Tuesday, May 10, 2011

On the Horizon: a Super Insect Repellant?

This story, about a possible new class of insect repellants a thousand times more effective than DEET, is interesting both for the possible result and what it shows about how science is now done:

The discovery of this new class of repellant is based on insights that scientists have gained about the basic nature of the insect's sense of smell in the last few years. Although the mosquito's olfactory system is housed in its antennae, 10 years ago biologists thought that it worked in the same way at the molecular level as it does in mammals. A family of special proteins called odorant receptors, or ORs, sits on the surface of nerve cells in the nose of mammals and in the antennae of mosquitoes. When these receptors come into contact with smelly molecules, they trigger the nerves signaling the detection of specific odors.

In the last few years, however, scientists have been surprised to learn that the olfactory system of mosquitoes and other insects is fundamentally different. In the insect system, conventional ORs do not act autonomously. Instead, they form a complex with a unique co-receptor (called Orco) that is also required to detect odorant molecules. ORs are spread all over the antennae and each responds to a different odor. To function, however, each OR must be connected to an Orco.

"Think of an OR as a microphone that can detect a single frequency," Zwiebel said. "On her antenna the mosquito has dozens of types of these microphones, each tuned to a specific frequency. Orco acts as the switch in each microphone that tells the brain when there is a signal. When a mosquito smells an odor, the microphone tuned to that smell will turn "on" its Orco switch. The other microphones remain off. However, by stimulating Orco directly we can turn them all on at once.

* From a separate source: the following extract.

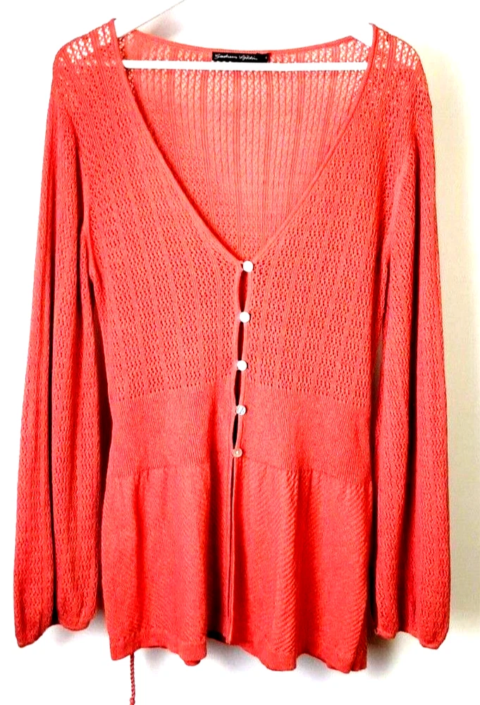 GUDRUN SJODEN Cardigan Linen cotton blend button up knit jumper with beltwomen's SIZE XL knit sweater top 25 Preowned very good clean condition no damage, staining or defects whatsoever. Please check the actual measurements:laid flat Armpit to armpit – 54 cm – 21" Sleeve length - 69 cm – 27" shoulders- 49 cm – 19" Length - 80 cm – 31" I will send it by registered mail. We will ship to your INDICATED address, please make sure your address is correct. If you have to change your address, please e-mail me. Always happy to combine postage where I can. Thanks for looking Please checkout my other items.

This would effectively overload the mosquito's sense of smell and shut down her ability to find blood."

Because the researchers couldn't predict what chemicals might modulate OR-Orco complexes, they decided to "throw the kitchen sink" at the problem. Through their affiliation with Vanderbilt's Institute of Chemical Biology, they gained access to Vanderbilt's high throughput screening facility, a technology intended for the drug discovery process.

Jones used genetic engineering techniques to insert mosquito odorant receptors into the human embryonic kidney cells used in the screening process. Rinker tested these cells against a commercial library of 118,000 small molecules normally used in drug development. They expected to find, and did find, a number of compounds that triggered a response in the conventional mosquito ORs they were screening, but they were surprised to find one compound that consistently triggered OR-Orco complexes, leading them to conclude that they had discovered the first molecule that directly stimulates the Orco co-receptor. They have named the compound VUAA1.

If this molecule doesn't turn out to cause cancer or devastate fruit trees or something, those of us who have to work in swamps could be looking at a much nicer future.